How might such regulation occur? Although most unc-119, unc-44, or unc-33 mutants have defective PDA axons (Figure 5E), in all three mutants, a population of animals with fully formed, properly placed PDA axons that fail to express the exp-1 reporter was found (Figures 5E and S5A–S5D). This observation suggests that the functions of unc-119/unc-33/unc-44 in axon extension and exp-1 expression are at least partly independent. Expression of cho-1, a choline transporter expressed in mature PDA neurons, is also affected in properly placed axons in unc-44 and unc-33 mutants (n = 5 experiments; Figure S5E).

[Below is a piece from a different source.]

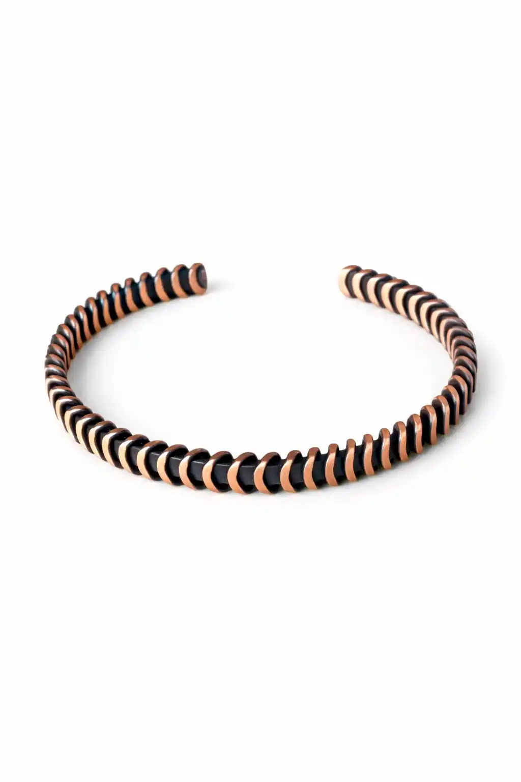 El yapımı bakır kelepçe bileklik, spiral desenli özgün tasarımıyla dikkat çeker.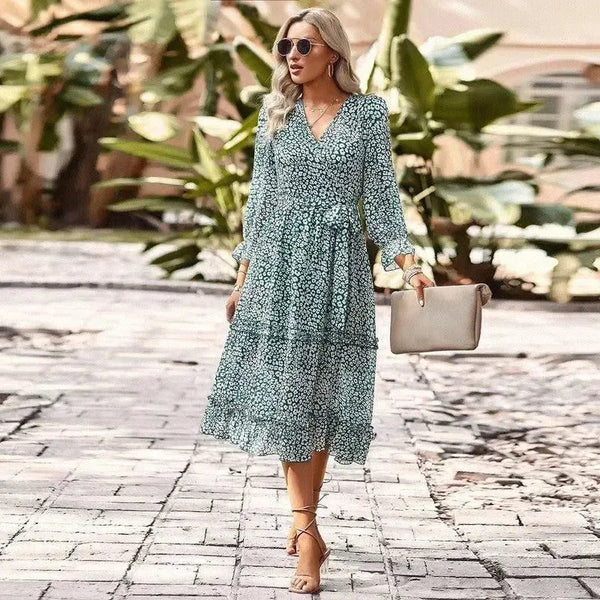 Temperament Elegant V-neck 34 Sleeve Tie-shoulder Floral

To understand when unc-119, unc-33, and unc-44 expression begins during Y-to-PDA transformation, we examined the respective reporter constructs. Reporter expression for all three genes is first visible in PDA after the axon begins to grow (Figures 5F, 5H, and 5J). Importantly, in hlh-16 or ngn-1 mutants, these reporters are not expressed at all (Figures 5G, 5I, and 5K). Thus, unc-119, unc-33, and unc-44 are likely to be direct or indirect targets of ngn-1.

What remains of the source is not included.